Data on medication use were obtained from the GHC computerized pharmacy database, which includes a record of all prescriptions dispensed to GHC enrollees since 1977. These data contain information on the drug name, the date the prescription was filled, the quantity dispensed, the dose, and dosing instructions. A woman was classified as a current user of hormone therapy if, for the most recent hormone therapy prescription, enough medication had been dispensed prior to the index date to last until the index date, assuming 80 percent compliance (12Go). Duration of hormone therapy use was calculated for the hormone currently being used at the index date and was defined as the total number of days of intended use for consecutive prescriptions, assuming 80 percent compliance and permitting gaps of no more than 90 days between the run-out date and the subsequent refill (15Go). During the time period from which subjects were recruited, esterified estrogens were the standard oral estrogens prescribed at GHC (15Go).

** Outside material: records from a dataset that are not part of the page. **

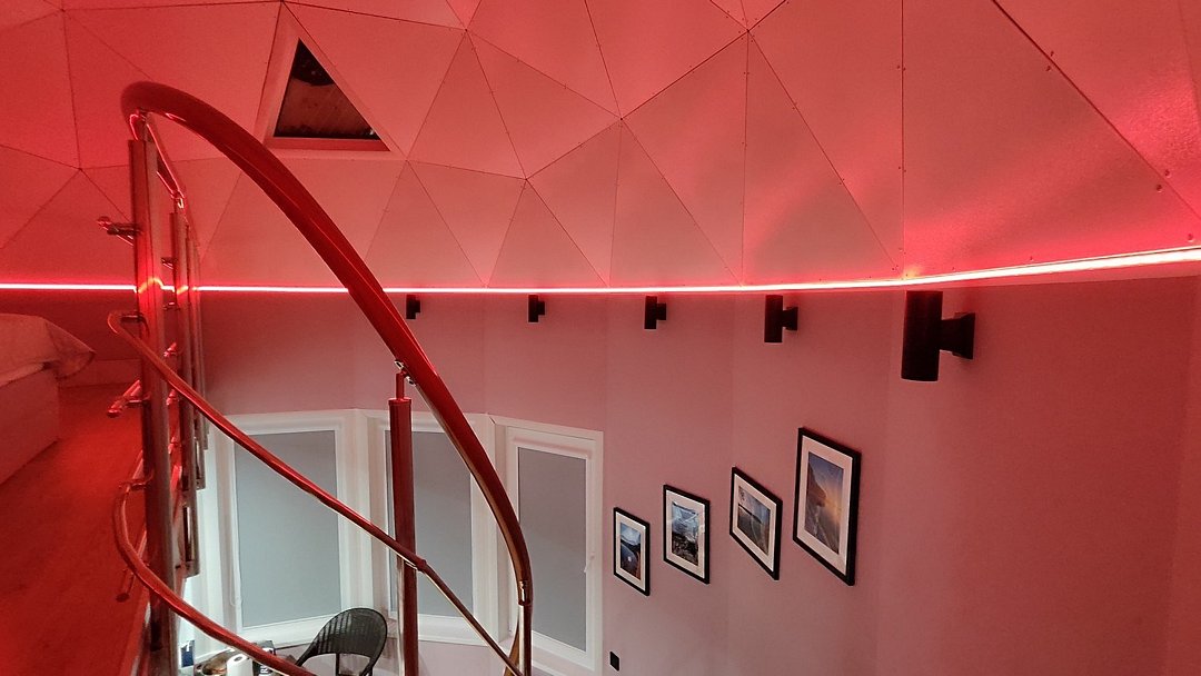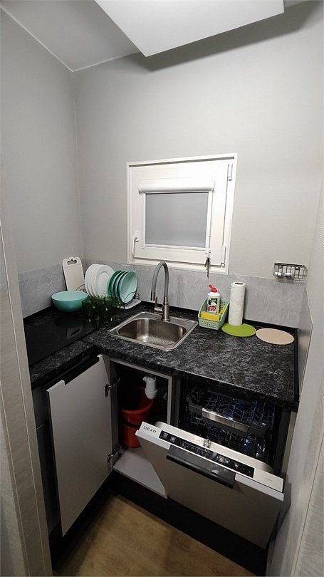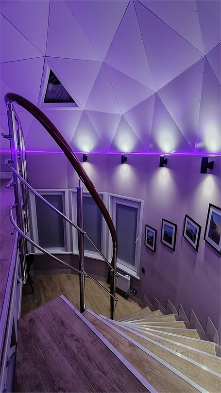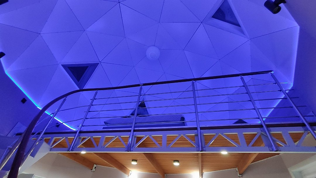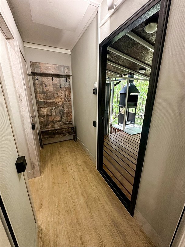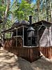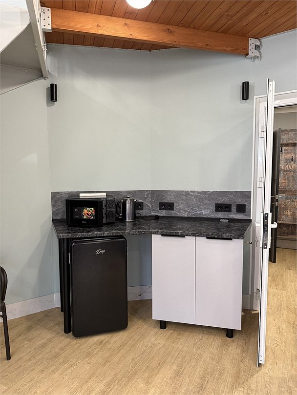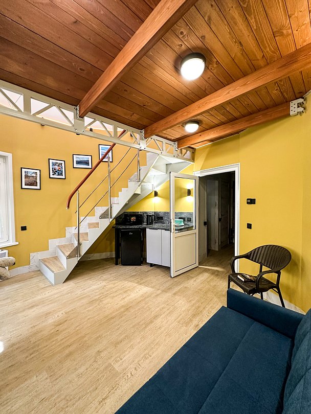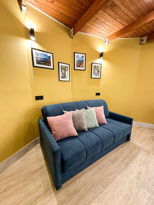 Внутри каждого домика предусмотрены все удобства для комфортного проживания. Гостиная с ортопедическим двуспальным диваном и обеденной зоной оборудована всем необходимым: от холодильника до посудомоечной машины. Кухня оснащена современными приборами и кухонными принадлежностями, что позволяет готовить любимые блюда с легкостью. На мансарде находится полноценное место для отдыха с купольной крышей и мансардными окнами, наполняющими пространство естественным светом.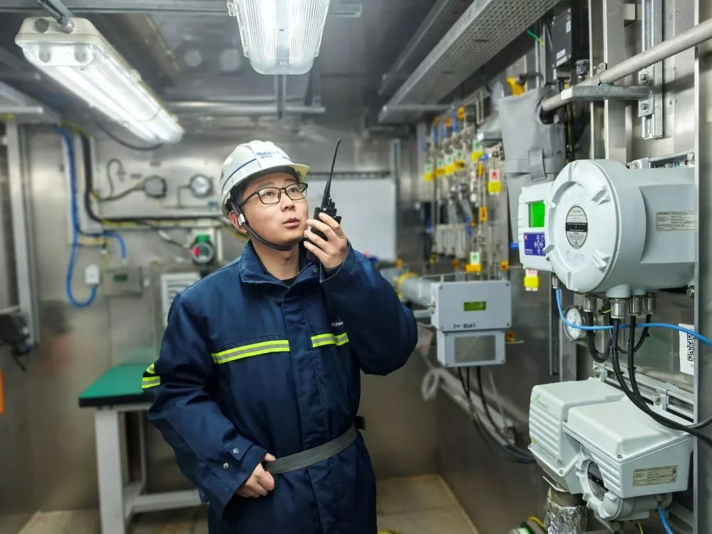 大年初二13:50,薛彦珅接到工艺下达的调整分析仪的指令,他第一时间带领班组人员完成处置,确保了生产稳定。“已调整完流量,请注意观察。”薛彦珅在分析小屋用对讲机回复道。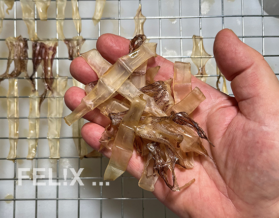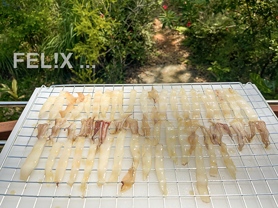 Wer dies trotzdem nicht selber machen will, lässt es eben den Fischhändler tun. In diesem Fall darauf achten, dass auch die Fangarme mit dabei sind. - Ganz ähnlich werden in Thailand auch Streifen von Schweinefleisch mariniert, sonnengetrocknet und frittiert.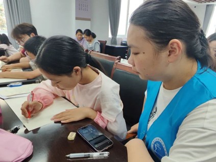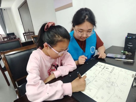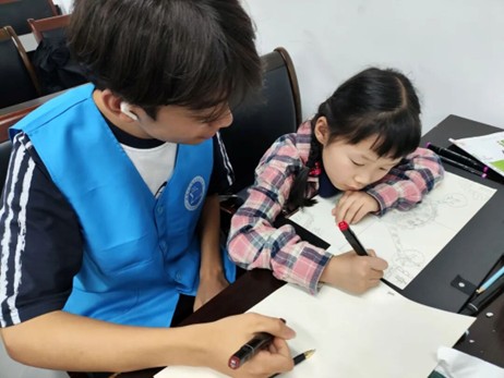 紧接着,“玩转快乐数学”环节将气氛推向高潮——趣味数独、图形拼搭、逻辑谜题……孩子们在游戏中动手动脑,志愿者们则化身“智慧向导”,耐心引导他们发现数学的奥妙。此外,志愿者们还通过画画、手工等多元兴趣课堂,激发孩子们的创造力,让学习的种子在欢笑中生根发芽。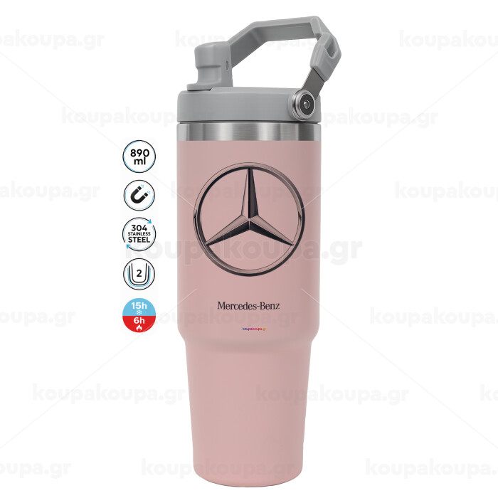 mercedes, Pink color, 890ml (30oz) stainless Steel Tumbler with Handle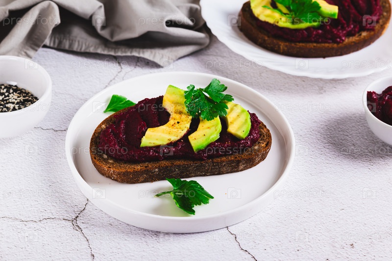 Тосты с домашним вегетарианским свекольным хумусом на тарелке за столом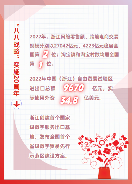国际循环质量水平快速提升。浙江外贸进出口总值从2002年的3472亿元增至2022年46837亿元,年均增长13.9%,从2002年的全国第五位先后超过北京、上海跃升至2022年的第三位。其中,出口从2434亿元增至34325亿元,年均增长14.1%,自2011年连续12年居全国第三位。创建首个国家级数字服务出口基地,发布全国首个省级数字贸易先行示范区建设方案。2022年,浙江服务贸易进出口5091亿元,居全国第一方阵,是2015年的1.8倍。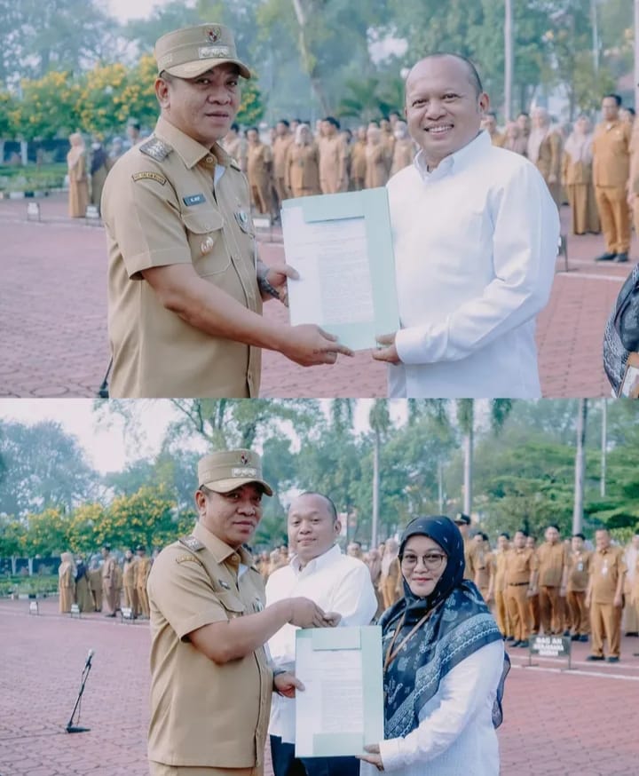 Kab. Karawang – (PI).Bupati Karawang H. Aep Syaepuloh memimpin apel pagi di Plaza Pemda Karawang, Senin (28/7/25). Kegiatan juga dipadukan dengan penandatanganan pakta integritas dan penyerahan Surat Keputusan (SK) pengurus Dewan Pengawas (Dewas) PD Petrogas Persada Karawang.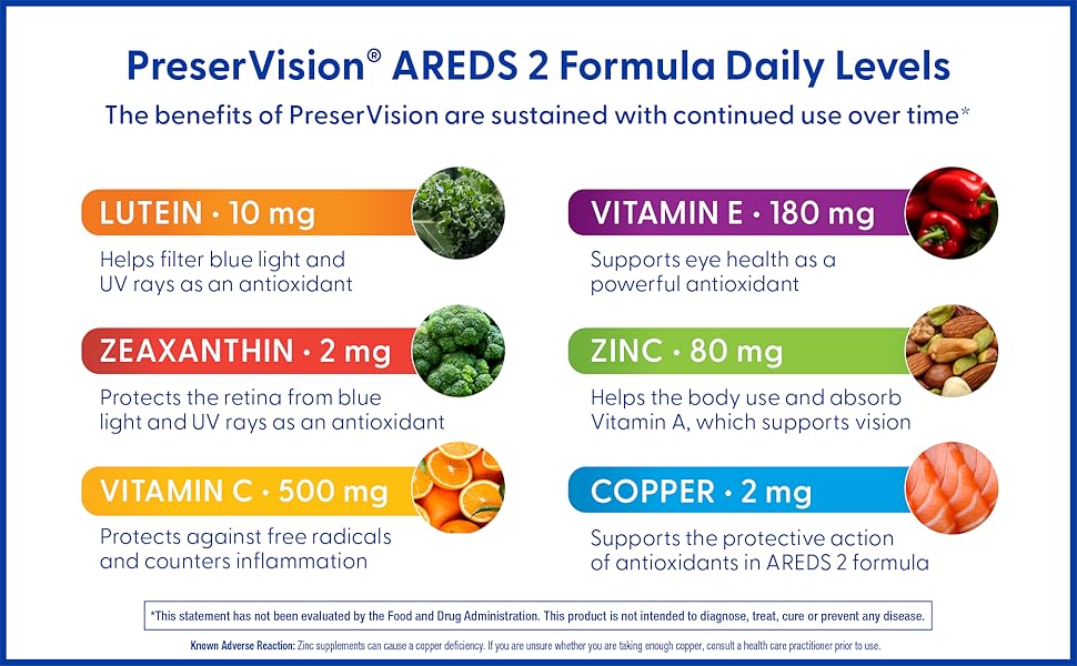 For best results, take two soft gels daily with food — one in the morning and one in the evening. This easy-to-follow routine ensures your eyes receive continuous nourishment throughout the day. Consistent use of PreserVision AREDS 2 helps maintain macular health, support sharp vision, and protect against oxidative stress caused by blue light and aging.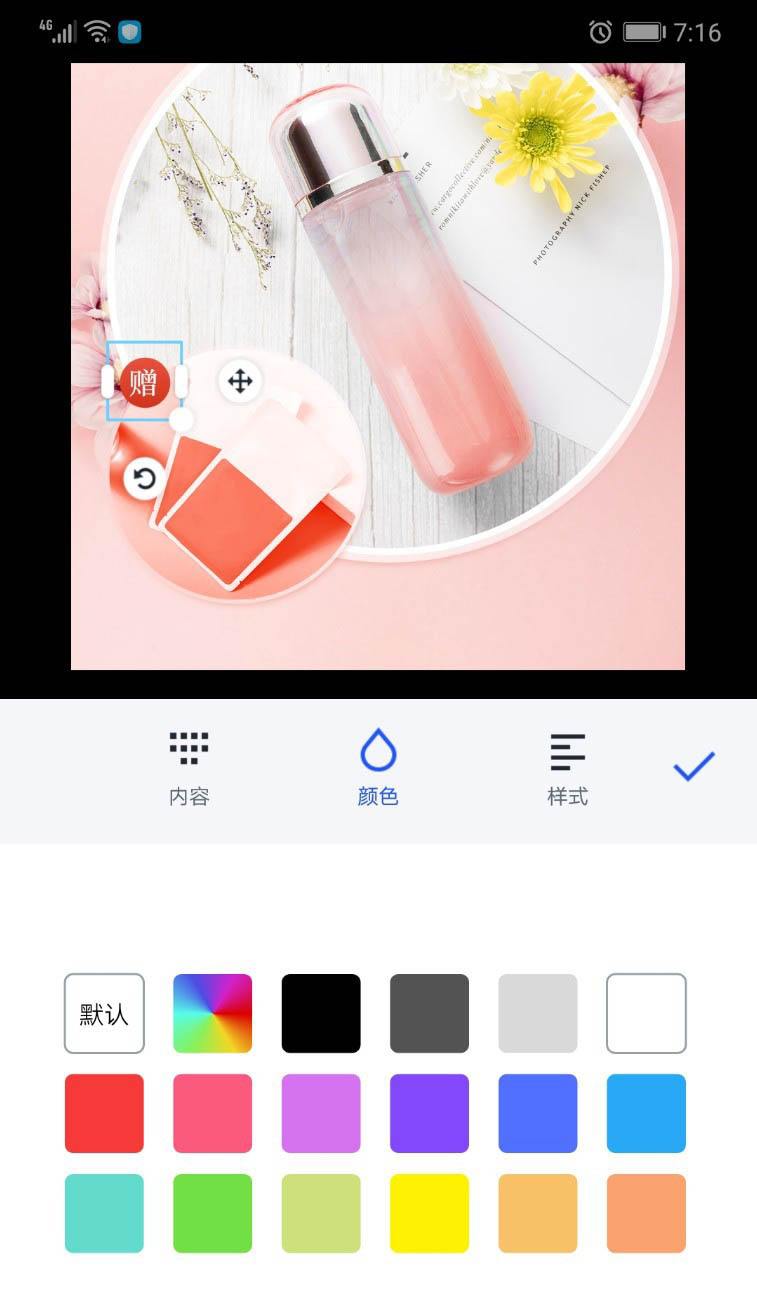 6、通过圆形工具在赠品图片的上方画出红色的圆形,再用白色的文字打出“赠”的字样。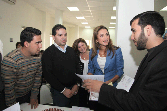 وشاهدت جلالتها بعض الوسائل التعليمية التي تم انتاجها في التدريب من قبل المعلمين والمعلمات والتي تساعد على ايصال المعلومة للطلبة من خلال التطبيق وليس التلقين. و اطلعت على اعمال الطلبة الكتابية الناتجة عن تطبيق البرنامج في المدارس المشاركة.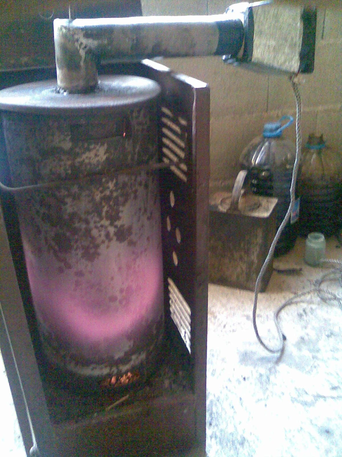 Преди около 2 години започнах експерименти с горелка на отработено масло.Писах в руски форуми,четох,обменях инфо. и най-накрая реших да пробвам някой мои идеи,които бяха модификации на видяното от мен.Стигнах до простото практично решение-маслото не гори добре без принудително вкарване на въздух в горивната камера.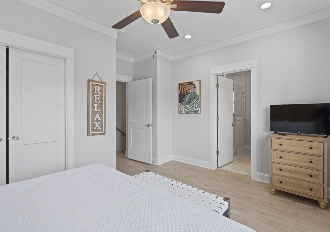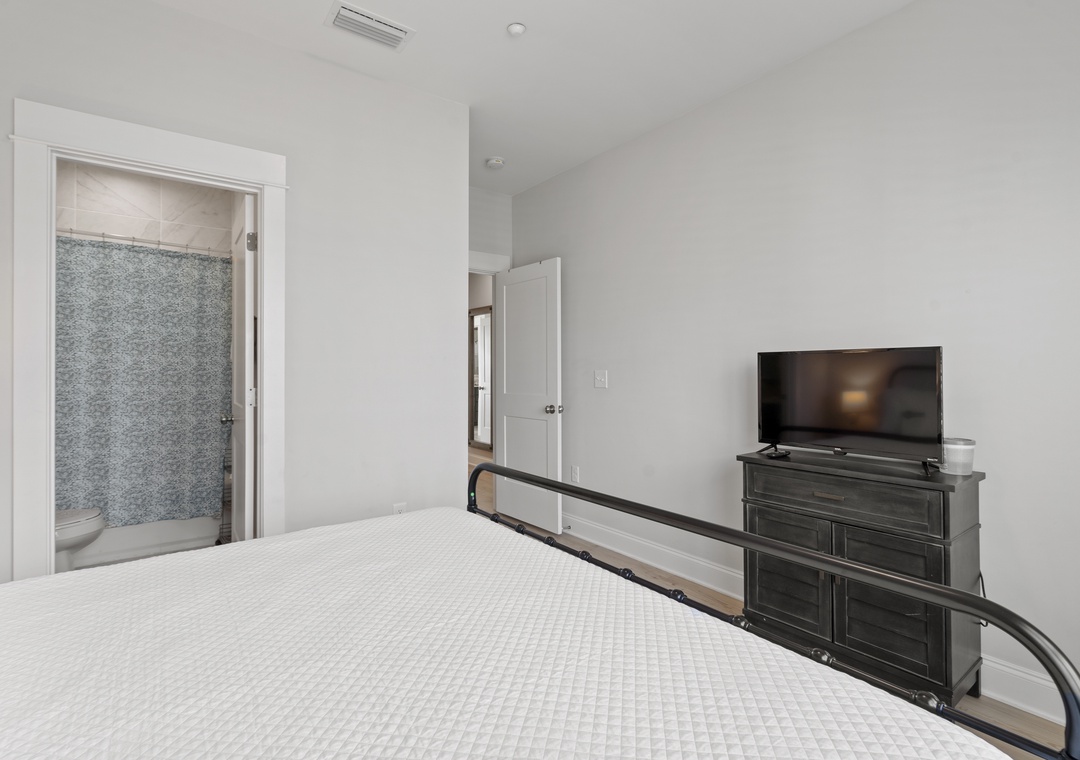 The home includes three comfortable bedrooms, each with its own ensuite bathroom and flat-screen TV. The first suite offers a King bed, the second suite also features a King bed, and the third suite provides two Full beds—perfect for families or larger groups.

A blood specimen was collected from each participant at an in-person visit following the index date. Blood was drawn from each participant's antecubital vein and kept at 4°C until processed. DNA was extracted from white blood cells using standard salting-out procedures (16Go) and was stored at –70°C.

Selection of tagSNPs, genotyping, and haplotype inference
The SeattleSNPs Program for Genomic Applications (http://pga.gs.washington.edu/) resequenced coding, noncoding, and flanking regions of the prothrombin gene (22.1 kilobases in total) as part of its variation discovery efforts in genes related to the inflammatory response. In the 23 persons of European descent, 57 SNPs were identified; 46 of these were common, defined here as a minor allele frequency greater than or equal to 5 percent. The LDSelect algorithm was used to select the maximally informative set of common SNPs, or tagSNPs. LDSelect classified the 46 common SNPs into eight bins such that, within each bin, at least one tagSNP would be in linkage disequilibrium with all other SNPs at a linkage disequilibrium threshold of r2 = 0.64 (17Go). These eight SNPs were either direct or indirect markers of 98 percent (45 out of 46) of the common SNPs.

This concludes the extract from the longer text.